Mechanism and fabrication of nanostructure-based broadband absorbers
The ideal perfect broadband absorbers have the capability of substantial optical absorption and near-zero reflectance capacity that covers a broadband wavelength range [36–38]. To meet such a requirement, different light absorption mechanisms based on various materials and structures have been studied. Among them, currently, carbon-based nanostructures [39], plasmonic nanostructures [40,41], dielectric nanostructures [42], and complexed structures having synergistic effects [36,43,44] are the main research directions. Table 1 lists the major parameters of different types of nanostructure-based broadband absorbers.
Carbon-based nanostructure
Carbon is a typical material with high optical absorption and high conversion of light-to-heat in the range of visible to mid-infrared, and combined with its intrinsic light-weight and low-cost, have been widely considered for its application in broadband absorbers.
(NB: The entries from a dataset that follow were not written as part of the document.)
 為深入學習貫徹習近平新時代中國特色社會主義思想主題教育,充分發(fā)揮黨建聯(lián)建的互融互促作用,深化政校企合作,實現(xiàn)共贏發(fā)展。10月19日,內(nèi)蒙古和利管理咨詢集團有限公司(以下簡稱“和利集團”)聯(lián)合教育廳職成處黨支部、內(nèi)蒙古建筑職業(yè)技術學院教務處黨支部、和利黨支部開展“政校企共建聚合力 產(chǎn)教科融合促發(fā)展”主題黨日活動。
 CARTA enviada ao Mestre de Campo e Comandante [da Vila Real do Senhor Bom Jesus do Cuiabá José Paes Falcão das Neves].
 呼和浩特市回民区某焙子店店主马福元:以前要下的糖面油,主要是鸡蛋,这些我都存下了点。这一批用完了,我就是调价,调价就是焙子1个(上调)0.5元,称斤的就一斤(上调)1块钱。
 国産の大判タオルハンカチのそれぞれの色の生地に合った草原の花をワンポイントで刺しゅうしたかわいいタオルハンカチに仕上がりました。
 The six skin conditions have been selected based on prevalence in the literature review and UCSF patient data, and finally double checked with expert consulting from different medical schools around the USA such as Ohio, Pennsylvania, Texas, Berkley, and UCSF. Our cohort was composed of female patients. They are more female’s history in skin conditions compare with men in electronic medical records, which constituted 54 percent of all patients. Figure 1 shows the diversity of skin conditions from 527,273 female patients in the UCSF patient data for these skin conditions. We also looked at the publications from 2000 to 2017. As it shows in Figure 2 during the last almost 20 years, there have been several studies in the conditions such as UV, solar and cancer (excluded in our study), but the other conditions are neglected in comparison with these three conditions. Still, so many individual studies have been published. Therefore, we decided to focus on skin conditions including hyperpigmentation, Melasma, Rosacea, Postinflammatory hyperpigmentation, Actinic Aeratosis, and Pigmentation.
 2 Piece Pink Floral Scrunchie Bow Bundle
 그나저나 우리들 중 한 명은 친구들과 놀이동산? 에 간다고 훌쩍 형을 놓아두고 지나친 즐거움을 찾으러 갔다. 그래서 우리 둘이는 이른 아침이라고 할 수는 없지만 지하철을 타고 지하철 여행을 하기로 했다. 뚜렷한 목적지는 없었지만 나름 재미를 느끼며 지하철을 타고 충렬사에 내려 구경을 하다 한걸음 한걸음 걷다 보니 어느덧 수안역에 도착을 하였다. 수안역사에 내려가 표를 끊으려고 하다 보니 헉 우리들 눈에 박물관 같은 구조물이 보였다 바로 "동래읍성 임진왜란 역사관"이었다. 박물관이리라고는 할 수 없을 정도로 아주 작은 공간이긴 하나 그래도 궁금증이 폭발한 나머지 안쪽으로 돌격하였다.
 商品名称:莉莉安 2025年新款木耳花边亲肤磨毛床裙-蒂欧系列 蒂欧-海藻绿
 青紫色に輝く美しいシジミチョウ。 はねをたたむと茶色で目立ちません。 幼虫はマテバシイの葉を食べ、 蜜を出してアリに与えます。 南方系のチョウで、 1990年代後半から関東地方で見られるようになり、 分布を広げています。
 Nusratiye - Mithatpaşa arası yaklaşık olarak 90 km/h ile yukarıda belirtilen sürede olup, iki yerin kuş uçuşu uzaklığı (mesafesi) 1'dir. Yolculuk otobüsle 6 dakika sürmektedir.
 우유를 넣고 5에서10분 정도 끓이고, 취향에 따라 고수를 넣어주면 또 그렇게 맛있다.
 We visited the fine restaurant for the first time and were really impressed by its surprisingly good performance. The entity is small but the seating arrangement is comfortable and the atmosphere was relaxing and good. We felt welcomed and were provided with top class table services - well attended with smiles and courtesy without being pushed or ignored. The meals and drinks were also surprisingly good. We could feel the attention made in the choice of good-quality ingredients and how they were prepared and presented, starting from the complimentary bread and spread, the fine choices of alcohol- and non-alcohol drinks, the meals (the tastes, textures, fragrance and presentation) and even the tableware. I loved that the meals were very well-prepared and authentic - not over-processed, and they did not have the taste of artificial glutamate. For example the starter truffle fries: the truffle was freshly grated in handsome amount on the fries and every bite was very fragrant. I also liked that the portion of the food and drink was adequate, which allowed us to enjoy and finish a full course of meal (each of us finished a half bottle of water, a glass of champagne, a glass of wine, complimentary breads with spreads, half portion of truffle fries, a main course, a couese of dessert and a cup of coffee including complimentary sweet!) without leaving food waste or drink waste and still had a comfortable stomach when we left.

In order to enhance the light absorption and reduce the reflectance of carbon materials, many types of carbon-based nanostructures such as carbon black (CB) [45–47], carbon nanotube (CNT) [48,49], carbon aerogel [50–54], graphene [55–58] and other carbon containing composites [59–62] have been extensively studied for the construction of perfect absorbers. In recent years, many advancements in this area have been reported, as shown in Fig. 1.
CB, an easily obtained carbon nanostructure with random size distribution and large surface area, is widely studied for the development of broadband absorbers. Li et al. suggested a fabrication method for black absorber using CB-coated fabric [45], where CB was readily adsorbed on the microfibers in the fabric using the dip-coating method to obtain a broadband absorber with a high absorbance above 90% in the range from 300 to 2500 nm. The hydrophilic surface property of the substrate was also improved by CB. Owing to excellent rheological and homogeneous distribution properties, CB, together with graphene oxide (GO) could also be useful for the preparation of 3D printing ink, using the construction of super black evaporator with light absorption of ~99.0% in the broader wavelength range between 250 and 2500 nm [46].
CNTs are also well investigated for the development of absorbers with super low reflectance. To increase the light absorption in the layer of CNTs, the light path should be prolonged, and surface reflectance should be suppressed as much as possible. Nearly perfect absorbers with a very low reflectance of 0.045% were demonstrated using well-aligned CNT arrays with a thickness of 300 µm, which provided a light path long enough compared to their absorption length of light (several micrometers in the visible range) [48]. Meanwhile, because of their hollow structure, the effective index of CNTs is very close to 1, and therefore the surface reflectance is completely suppressed when incident light reaches the surface of the CNTs from the air.
However, the performance of the CNT array-based absorbers is highly dependent on the fabrication and large-scale equipment. To reduce the cost and processing difficulties, many studies focus on carbon aerogels and layered stacks of graphene. Microporous carbon aerogels composed of low-density carbon nanoparticles and nanochains [51–53] or nanotubes possessing the hierarchically nanoporous structure [54] have also shown excellent light absorption capacity in broadband, as shown in Fig. 1(c). For such aerogels with a high surface area and low-density carbon materials, the effective refractive index of the composite is highly dependent on the ratio between randomly distributed microporous structures of carbon. Light can be trapped and multi-reflect within the porous structures and eventually absorbed by carbon, as shown in Fig. 1(a). A reflectance of ~0.19% (within a material density of 0.01‒0.02 g∙cm–3) in the visible range using carbon nanoparticle aerogels [52], and less than 1% in the range of 200‒2500 nm using CNT aerogels [54] have been reported recently. Because of their rich porous structures and super hydrophilic surfaces, such carbon aerogels are also considered to be good candidates for water transport, and solar steam generation, which have been discussed in the following section.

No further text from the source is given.